Epidemiology of Hospital Infections Indian Medical PG Question 10: Which of the following is true about Extended spectrum beta-lactamases?
- A. Only seen in gram positive bacteria
- B. Plasmid mediated (Correct Answer)
- C. Only seen in gram negative bacteria
- D. Associated only in community acquired disease
Epidemiology of Hospital Infections Explanation: ***Plasmid mediated***
- **Extended-spectrum beta-lactamases (ESBLs)** are primarily encoded on **plasmids**, which allows for easy horizontal transfer of resistance genes between bacteria.
- This **plasmid-mediated dissemination** is a major reason for the rapid spread of ESBL resistance among various bacterial species.
*Only seen in gram positive bacteria*
- ESBLs are predominantly found in **Gram-negative bacteria**, particularly members of the **Enterobacteriaceae family** like *E. coli* and *Klebsiella pneumoniae*.
- While some beta-lactamases exist in Gram-positive bacteria, ESBLs specifically refer to those with an extended spectrum of activity against modern beta-lactams in Gram-negative organisms.
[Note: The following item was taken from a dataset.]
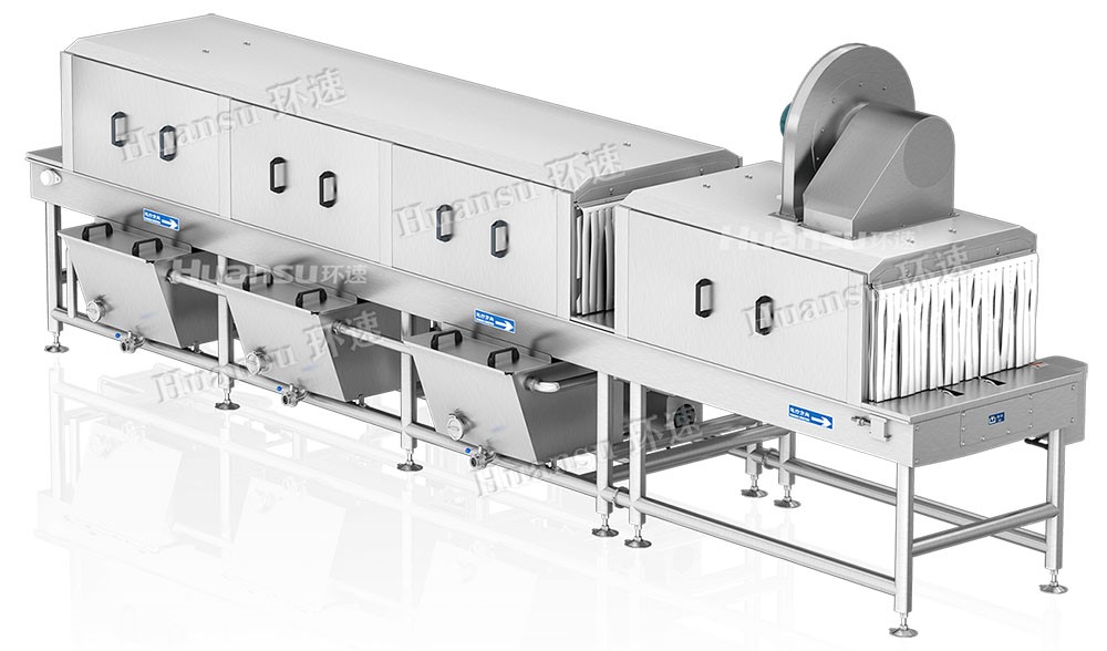為了使盛放水產品的塑料筐可以洗的干凈,環速通過使用“四步快速清洗”使容器煥然一新。將塑料筐放入清洗機中,先后通過預洗、主洗、漂洗與凈洗四個清洗階段完成油污與污漬的清洗滅菌。通過高溫高壓清洗,使用80°C以上的高溫水將油污與細菌可以全部清洗掉,高壓可以將污漬沖離開周轉筐表面完成透徹清洗。與其他塑料筐清洗機不同的是,環速研發設計的塑料筐清洗機可選配風干與烘干系統,可以只選擇風干系統或是烘干系統,也可以風干與烘干系統一起配備,完全根據需求進行配置。

*Only seen in gram negative bacteria*
- While **ESBLs are predominantly found in Gram-negative bacteria**, the phrasing "only seen in gram negative bacteria" is too restrictive because there have been rare reports of ESBL genes detected in some Gram-positive strains, though this is not their primary epidemiology.
- The main concern with ESBLs lies in their prevalence and impact on Gram-negative infections.
*Associated only in community acquired disease*
- ESBLs are associated with both **hospital-acquired (nosocomial)** and **community-acquired infections**.
- The prevalence of community-acquired ESBL infections has been increasing, posing a significant public health challenge.